→ **WORK TO COMPLETE**
Print verbatim the lines from the beginning of the entries through the line containing "Premierzy Polski i", both ends included. Pictures should be left out.

* * * *

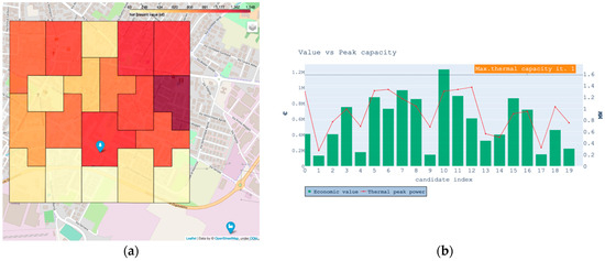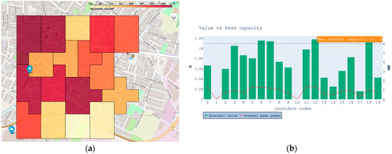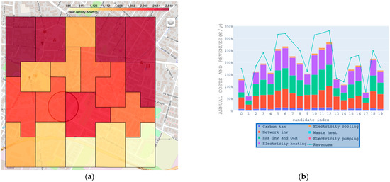 (a) The clustering method applied to the case study. The inputs are the latitude, longitude, and heat density of each city hectare. (b) Annual costs and revenues per candidate. The difference between the green line and the bars represents the net economic margin per year (EUR/y).
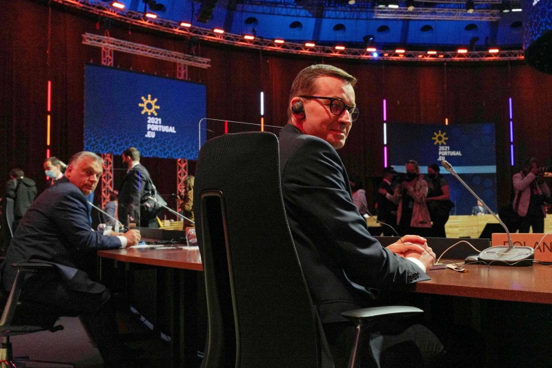 Premierzy Polski i Węgier Mateusz Morawiecki (z prawej) i Viktor Orban (z lewej) 8 maja podczas nieformalnego posiedzenia szefów państw i rządów Unii Europejskiej w Porto. Fot. Mateusz Marek / PAP
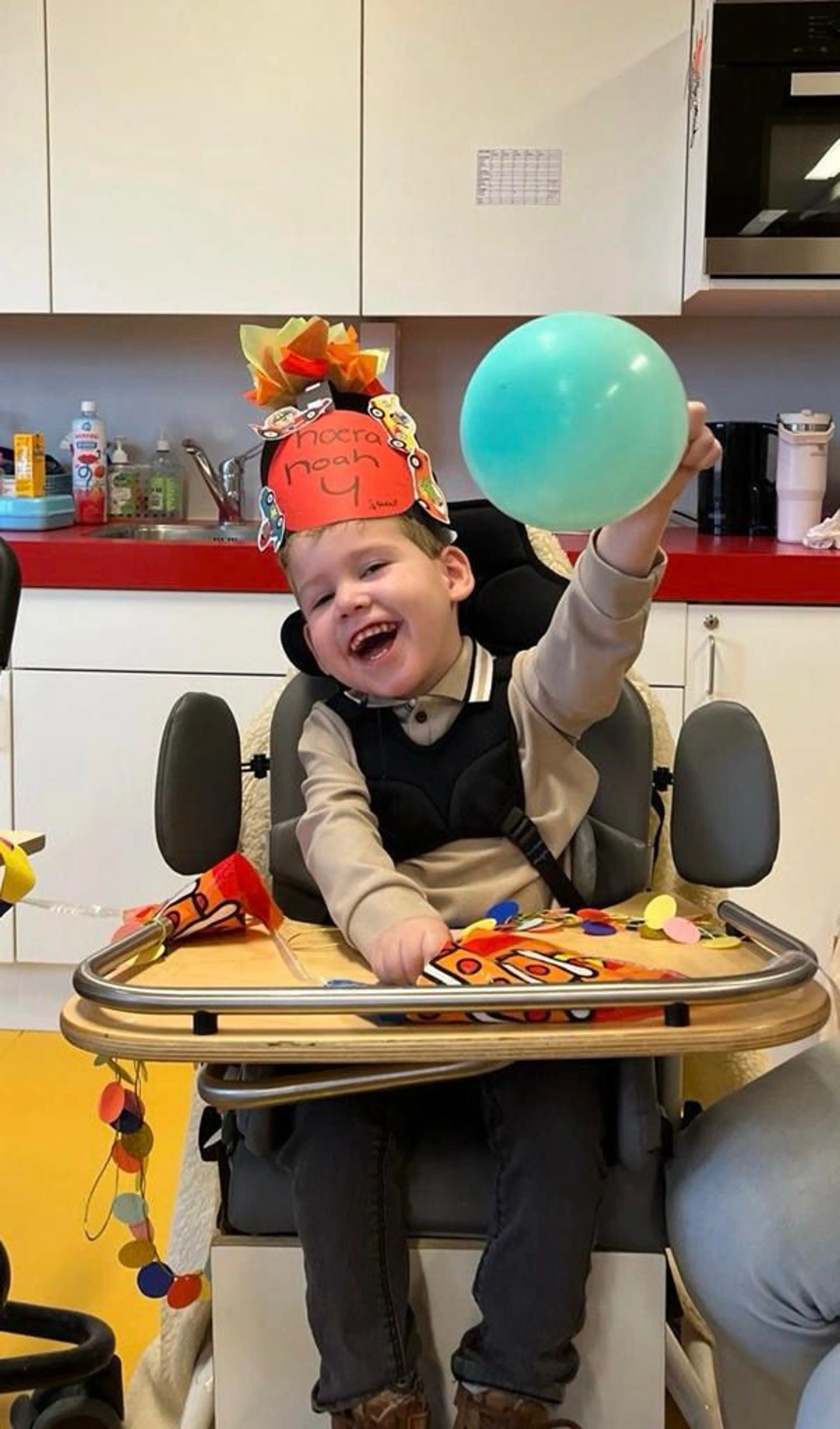 Noah was een zorgenkindje. Toen hij zo’n zeven maanden was, werd ontdekt dat zijn linkerhersenhelft niet ontwikkeld was. “Hierdoor was hij zeer ernstig meervoudig beperkt. Hij kon niet staan en lopen, niet zelfstandig zitten, had een slikstoornis en epilepsie. Daarnaast had hij niet genoeg kracht in zijn romp, waardoor hij niet goed kon hoesten en erg vatbaar was voor longontsteking. Hierdoor belandde hij vaak in het ziekenhuis”, legt Sheila uit.
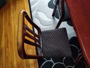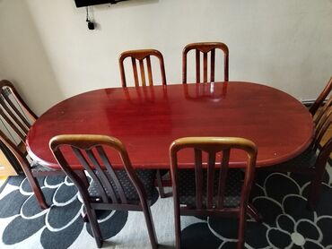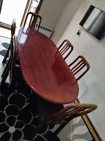 - Yemək otağı dəsti: klassik üslublu masa və 6 ədəd stul - Masa: tünd qırmızı (maun rənginə yaxın) parlaq laklı üst səth, dördkünc forma, yığcam ölçü; dörd möhkəm taxta ayaq - Stullar: taxta karkas...
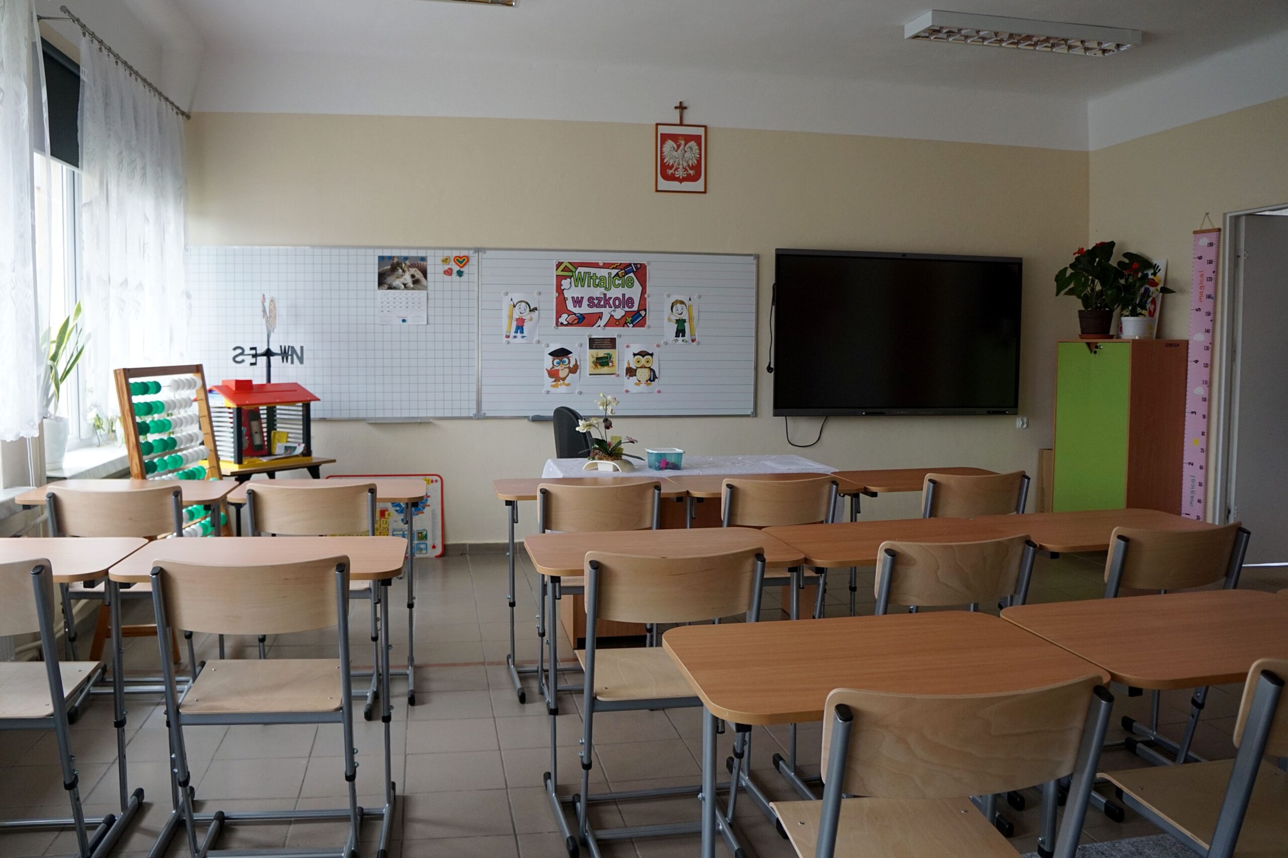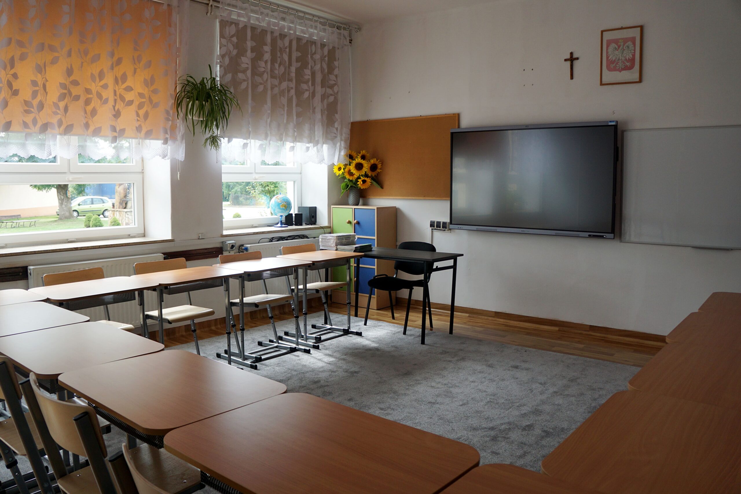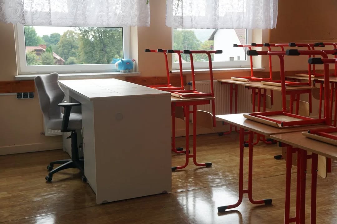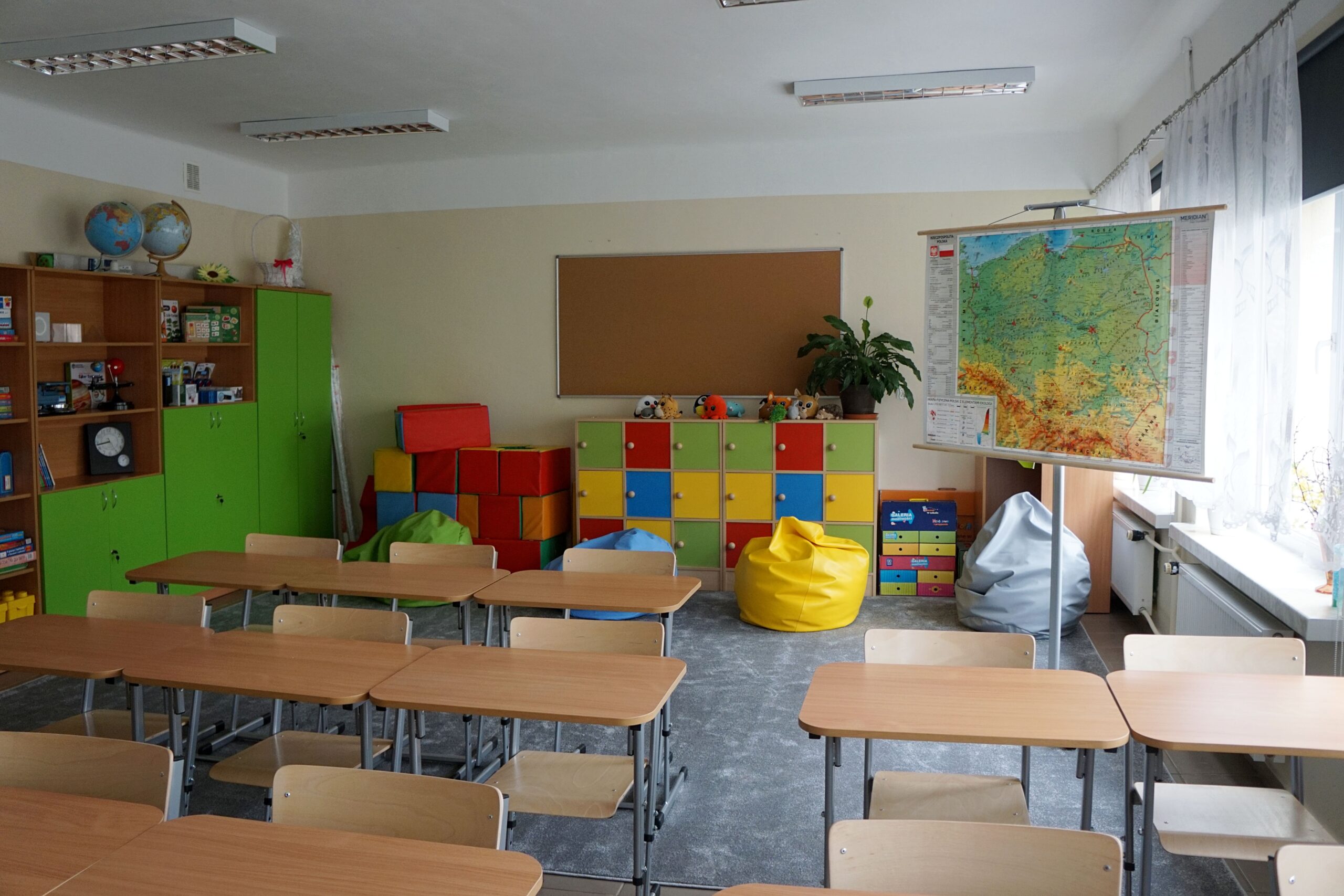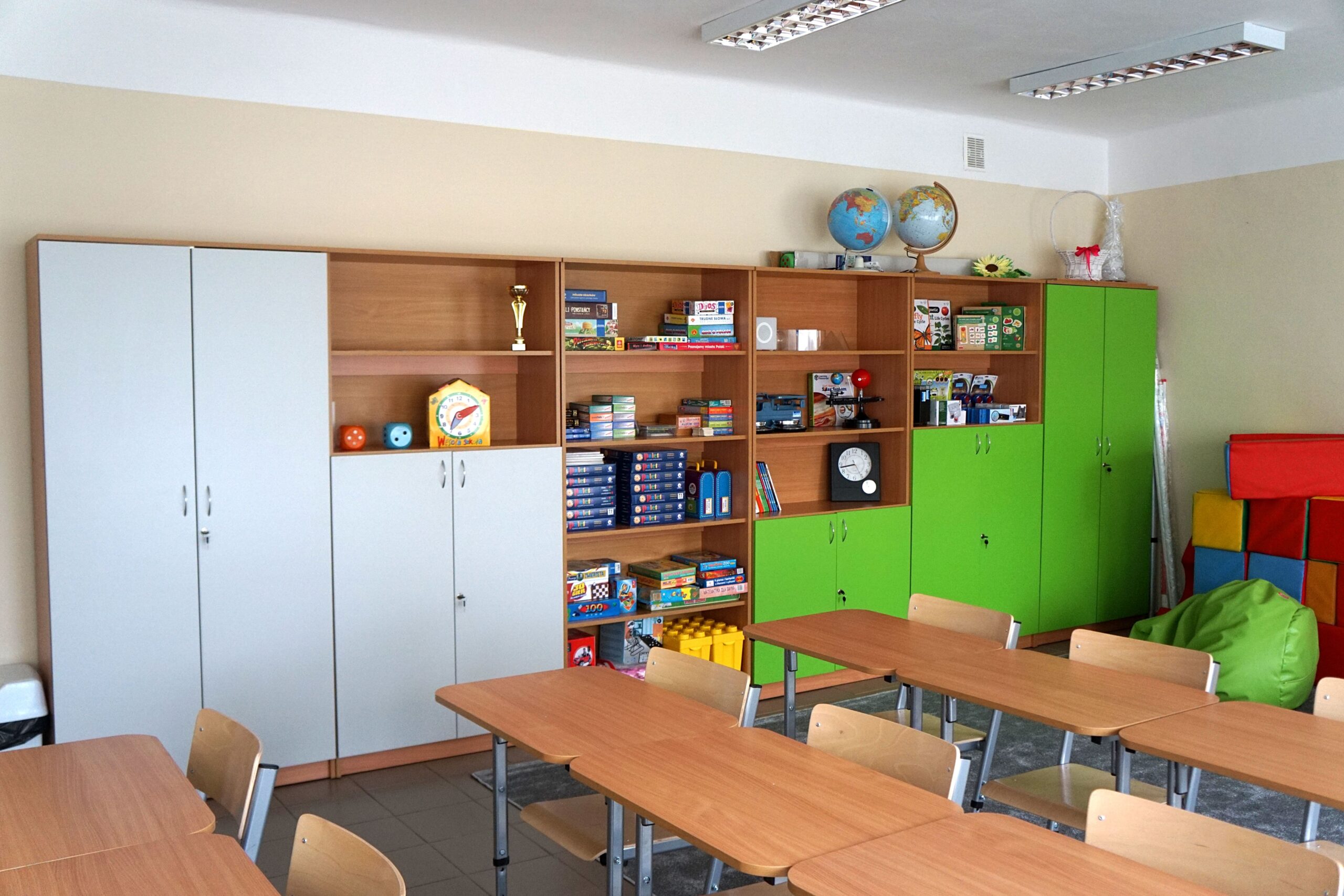 – meble (stoliki terminalowe, krzesła uczniowskie, biurko i fotel dla nauczyciela/ nauczycielki, szafy do przechowywania pomocy)

* * * *

→ **RESULT OF THE EXERCISE**
 (a) The clustering method applied to the case study. The inputs are the latitude, longitude, and heat density of each city hectare. (b) Annual costs and revenues per candidate. The difference between the green line and the bars represents the net economic margin per year (EUR/y).
 Premierzy Polski i Węgier Mateusz Morawiecki (z prawej) i Viktor Orban (z lewej) 8 maja podczas nieformalnego posiedzenia szefów państw i rządów Unii Europejskiej w Porto. Fot. Mateusz Marek / PAP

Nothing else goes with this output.